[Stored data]
# # #

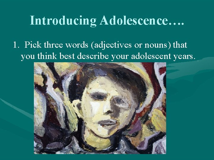 Introducing Adolescence…. 1. Pick three words (adjectives or nouns) that you think best describe your adolescent years.
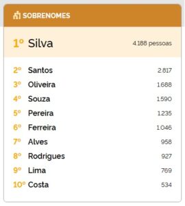 A novidade deste ano é a inclusão dos sobrenomes. De acordo com o IBGE, foram identificados mais de 200 mil sobrenomes em todo o Brasil, sendo Silva o mais comum, presente em 16,76% da população.
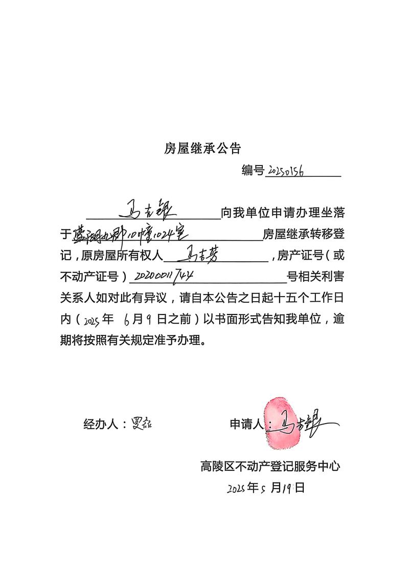 馬吉銀房屋繼承公告,編號:20250156
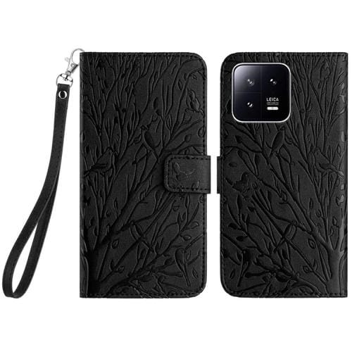 Para Xiaomi 13 Tree Birds Funda de Cuero para Teléfono con Patrón En Relieve (Negro)
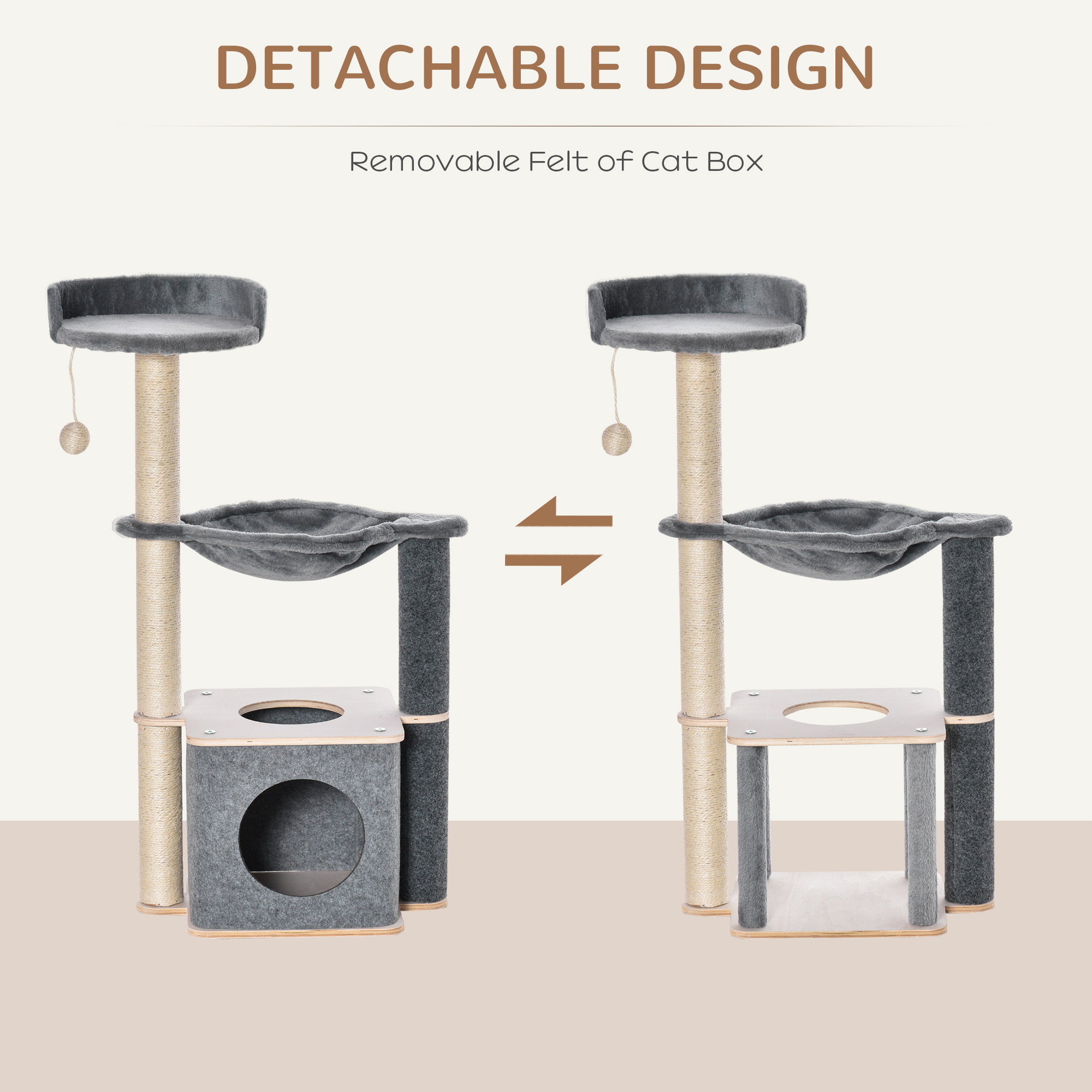 All IN ONE ACTIVITY CENTER: Multi-level cat play tower with sisal rope scratching posts, perches, roomy cat house, cozy cat hammock, cat ball for endless entertainment.SAVING YOUR FURNITURE: With scratch post wrapped with durable natural sisal ropes, the cat towers for indoor cats are perfect to sharpen their claws and save your furniture from scratching and digging.SOFT FABRIC: Covered with soft and comfortable short plush, making this cat tree tower the perfect resting area for your furry friends. And the felt of the condo is removable and easy to clean with hands.STURDY & SAFE: Made of solid particle board to keep the whole cat climbing tower strong, stable, and pet friendly.PRODUCT DETAILS: Overall dimension: 48L x 34W x 95Hcm. Suitable for cats within 4.5kg. Assembly required.
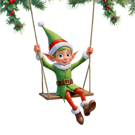 Un elfo alegre con un traje verde y un gorro de Papá Noel se balancea alegremente, rodeado de vegetación festiva. Transferencias DTF
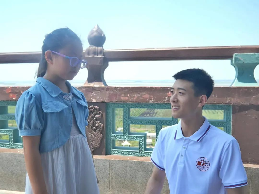 侯子跃同学就黄河的重要性和《黄河保护法》中的相关法律条文,向景区内游客进行知识普及。
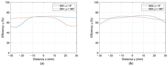 The main contributor to non-symmetrical misalignment tolerance is the magnetic flux density distribution, presented in the second chapter. By changing the phase angle between different excitation voltages and currents, this distribution should change. Therefore, by changing the phase shift angle, symmetrical misalignment tolerance should be achieved. This was confirmed with measurements, presented in Figure 11a,b. Figure 11a presents the misalignment tolerance in the x-axis direction. The blue line represents the case when the phase angle of DD1 was 0°. The red line presents the efficiency of the system when the phase angle of DD1 was 180°. In the negative direction, the phase angle should be 180° and in the positive, it should be 0°.
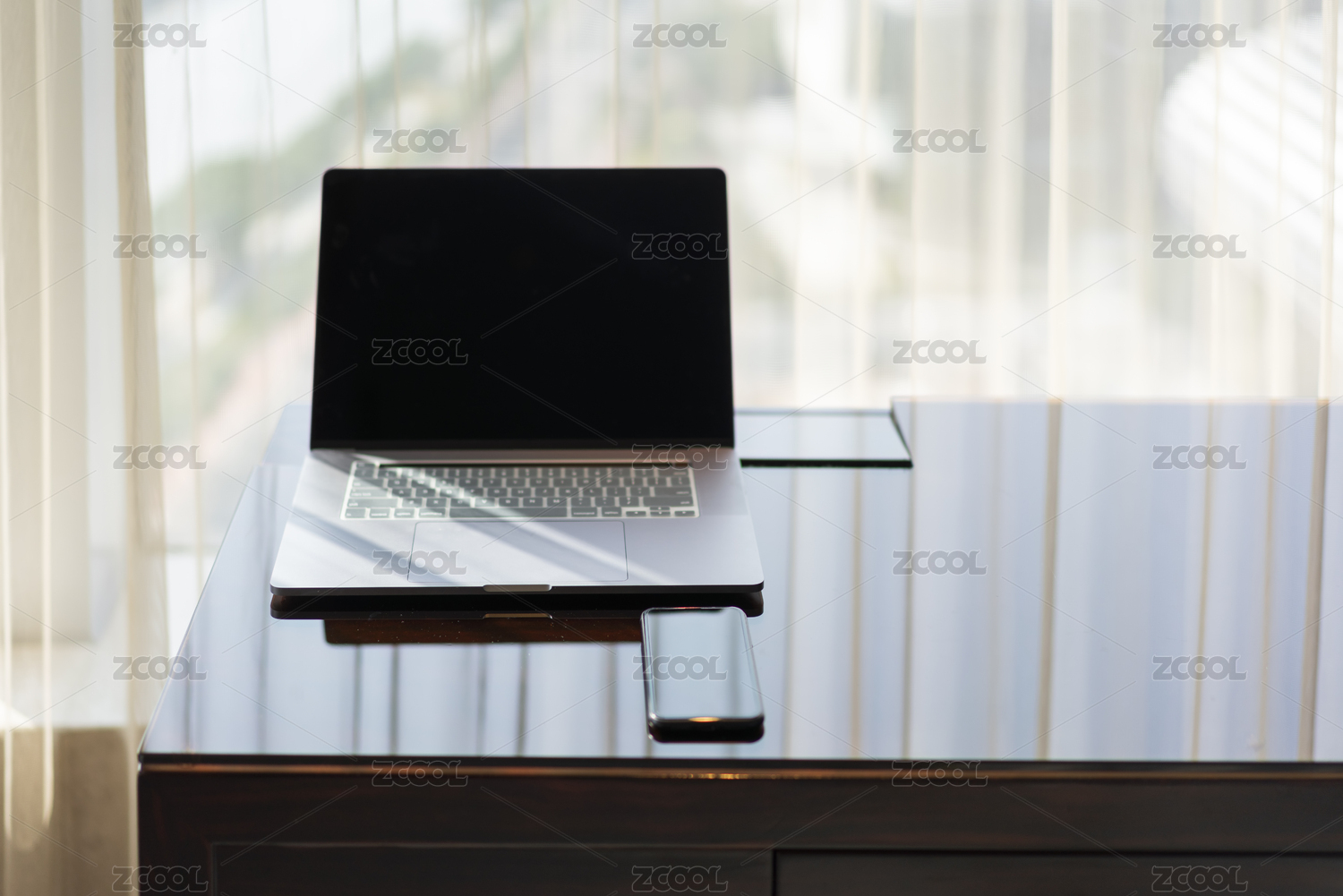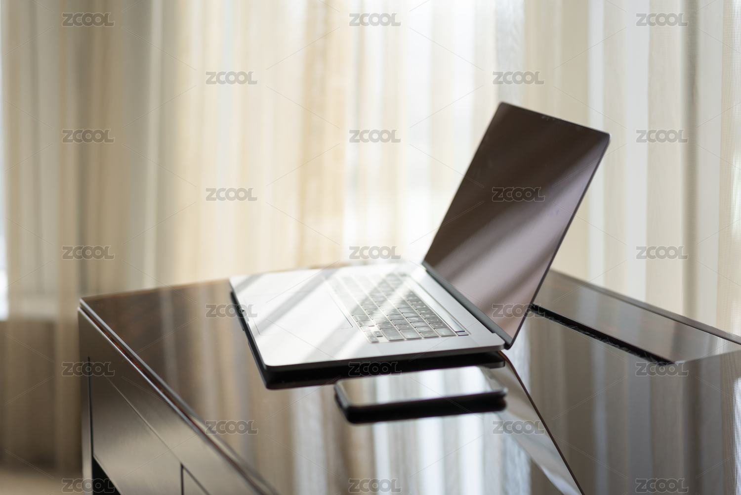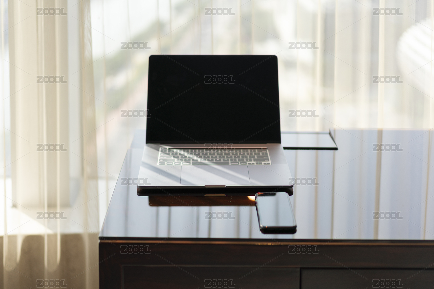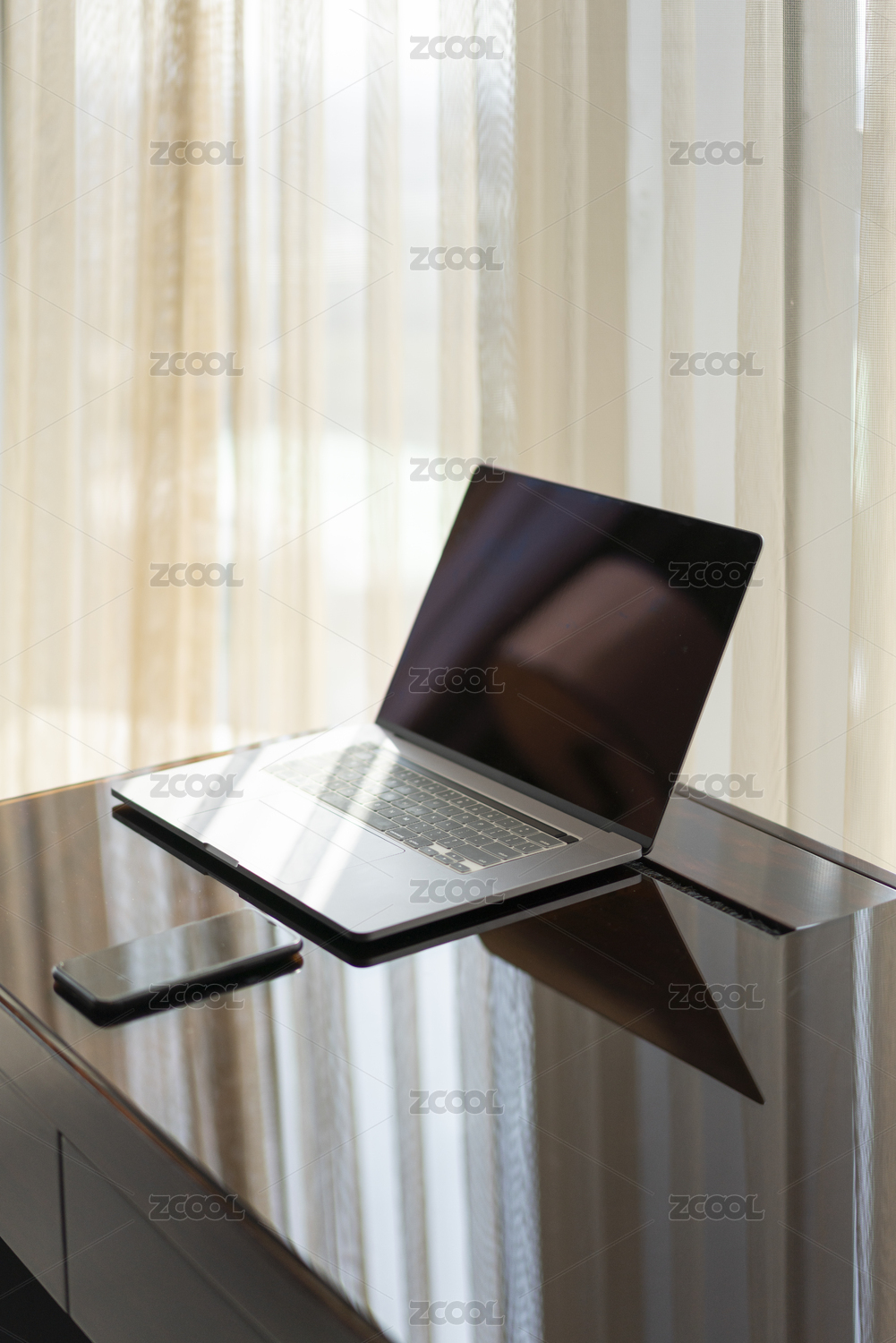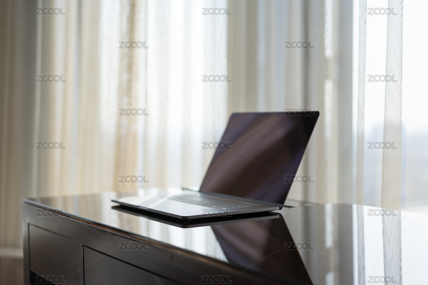 疫情期間居家辦公場所桌面上的筆記本電腦

# # #

Nothing should appear in the answer except the lines from the first line of the data through the line holding "Para Xiaomi 13", exactly as written, with pictures left out.

**Exercise result:**
 Introducing Adolescence…. 1. Pick three words (adjectives or nouns) that you think best describe your adolescent years.
 A novidade deste ano é a inclusão dos sobrenomes. De acordo com o IBGE, foram identificados mais de 200 mil sobrenomes em todo o Brasil, sendo Silva o mais comum, presente em 16,76% da população.
 馬吉銀房屋繼承公告,編號:20250156
 Para Xiaomi 13 Tree Birds Funda de Cuero para Teléfono con Patrón En Relieve (Negro)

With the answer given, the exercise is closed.